** Task **
Print the lines that start the entries and continue through the one holding "Salsa cheddar, con", please, exactly and with the pictures omitted.
══════
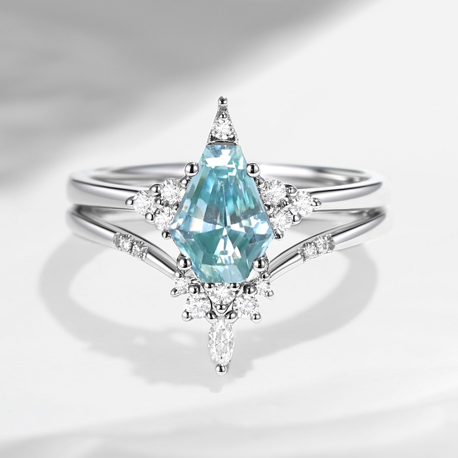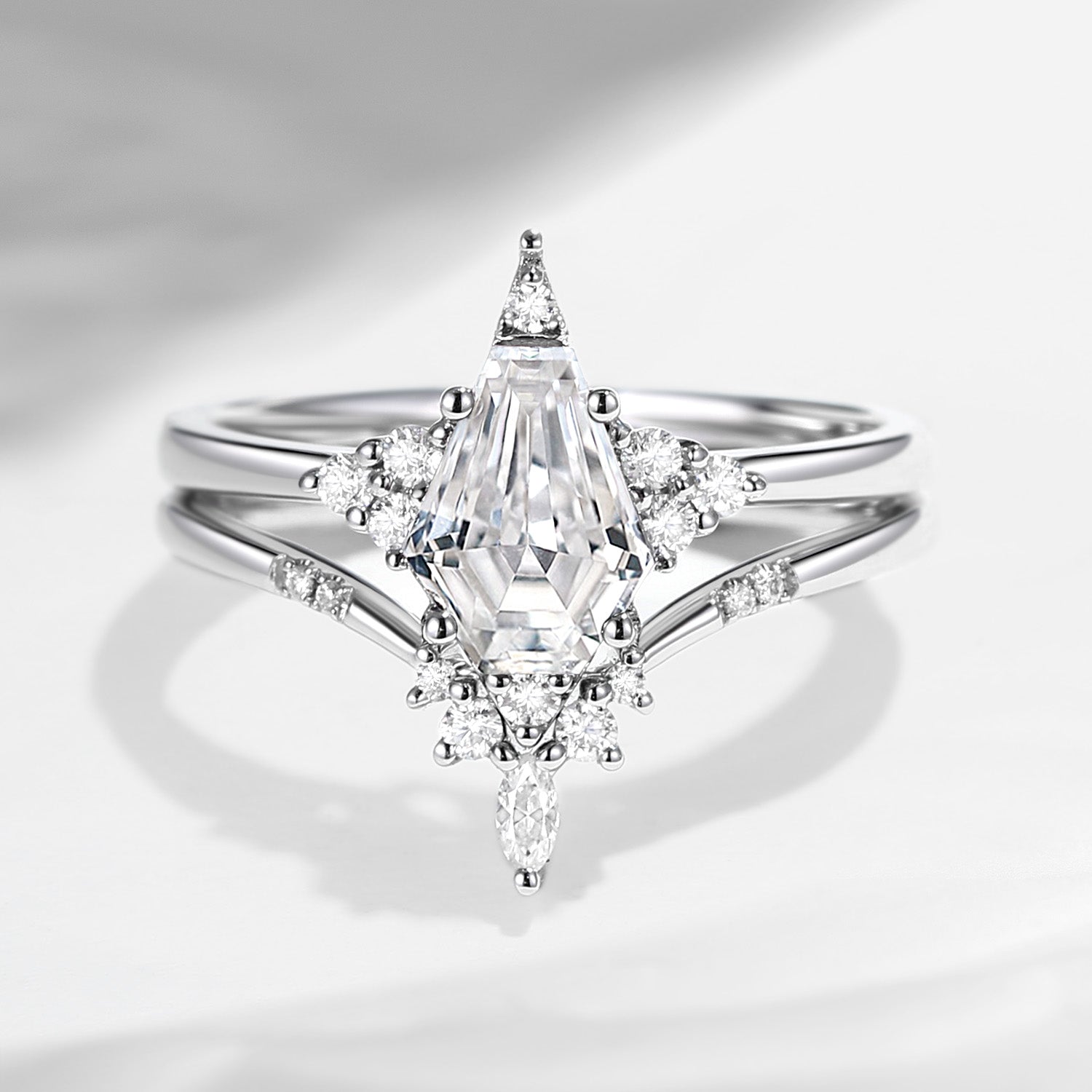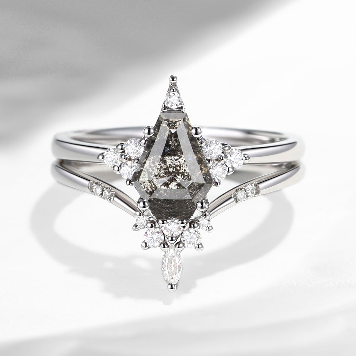 18K Unique Coffin Grey Moissanite Engagement Ring Star Ring Set 2pcs - Coffin Kite
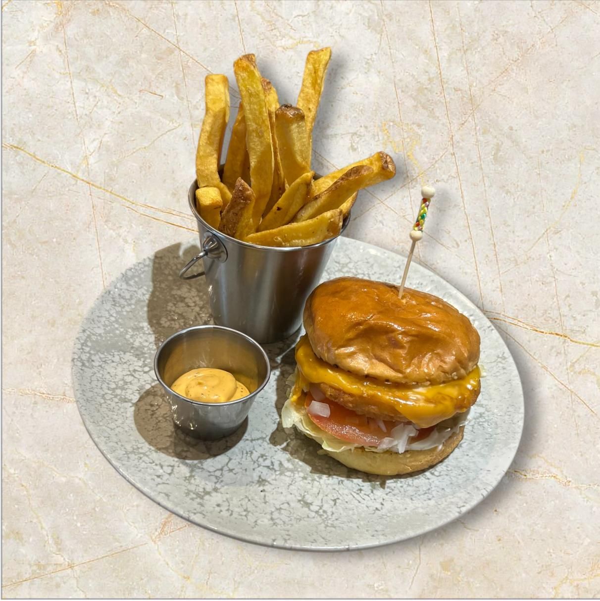 Salsa cheddar, con patatas fritas y tenders de pollo.
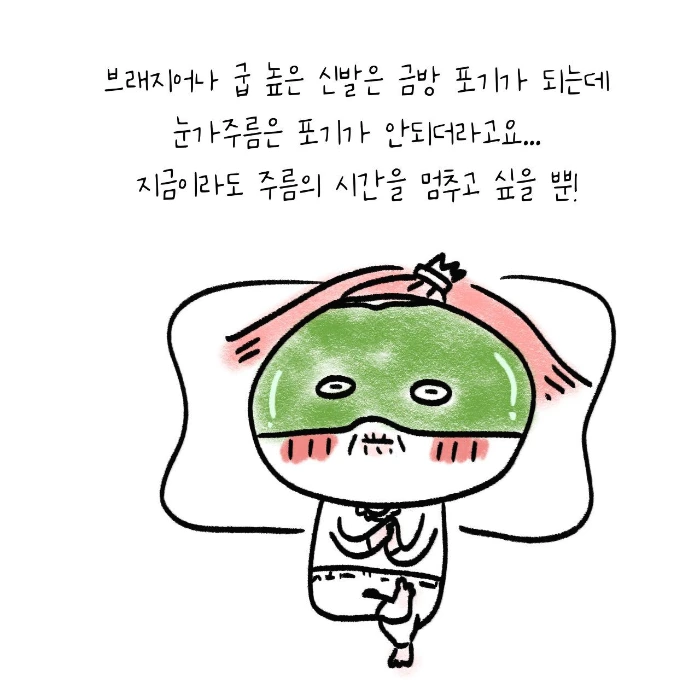 하지만 건강을 위해 미용을 포기한 것이 중년에 닥쳐 갑자기 일어난 일은 아니다. 안구건조 때문에 눈 화장은 20년전부터 포기했다. 아이라인이나 마스카라, 아이섀도 등은 쓸 수가 없었다. 툭하면 인공눈물을 떨어뜨려야 하는 눈에 눈 화장은 사치였다. 눈뿐만이 아니다. 스키니진이 유행했을 때도 혈액순환이 안되어 퉁퉁 붓는 것이 힘들어 널널한 통바지를 입었고, 와이어가 있어 가슴의 모양을 예쁘게 만들어주지만 동시에 엄청 가슴을 압박해서 소화불량을 유발하는 브래지어도 10년전에 다 버렸다. 대신 와이어 없고 신축성 좋은 스포츠브라 같은걸로 갈아탔다. 심지어 압박감을 최대한 안 받으려고 한치수 큰 걸로 샀다. 예쁘지만 가죽으로 만든 가방도 무거워서 들지 않은지 오래되었고, 역시 예쁘지만 굽이 높은 신발은 신발장에서 먼지와 한몸이 되어 있다. 미용보다 편함을 찾고, 편안함이 나의 건강이 될 것이라 믿으며 서서히 나는 나이들어가고 있었다. 생각해보니 서글플 일도 아니었네. 억지로 버티고 견디는 것이 아니라 자연스럽게 건강해지며 나이 들고 있는 중이니까.
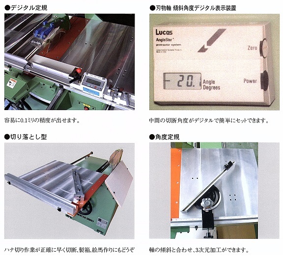 他、デジタル定規、刃物軸傾斜角度デジタル表示装置、切り落とし型、角度定規。
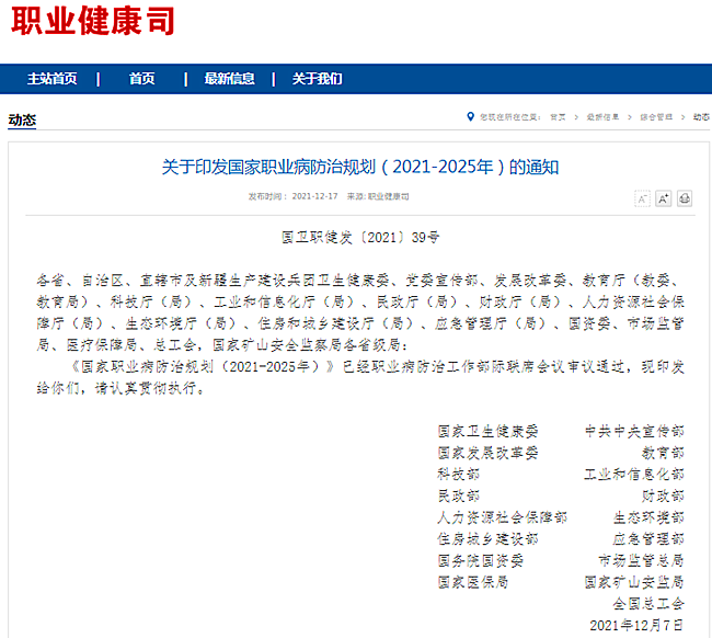 国家职业病防治规划(2021-2025年)
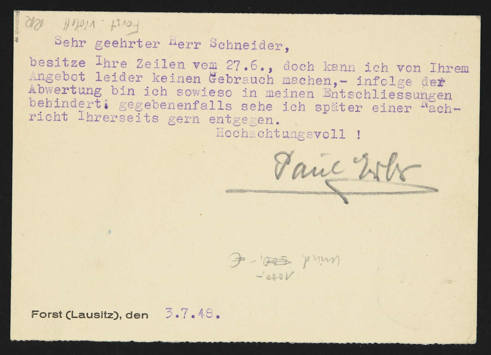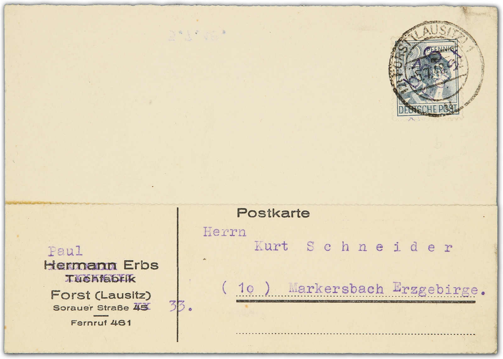 1948, 12 Pfg. Freimarke mit violettem Bezirksstempelaufdruck "36 FORST b" auf Postkarte, Stempel "FORST (LAUSITZ) 5.7.48", portogerecht und einwandfrei, die violette Aufdruckfarbe dieses Ortes ist sehr selten und auf Bedarfskarte eine
══════
** Written solution **
 18K Unique Coffin Grey Moissanite Engagement Ring Star Ring Set 2pcs - Coffin Kite
 Salsa cheddar, con patatas fritas y tenders de pollo.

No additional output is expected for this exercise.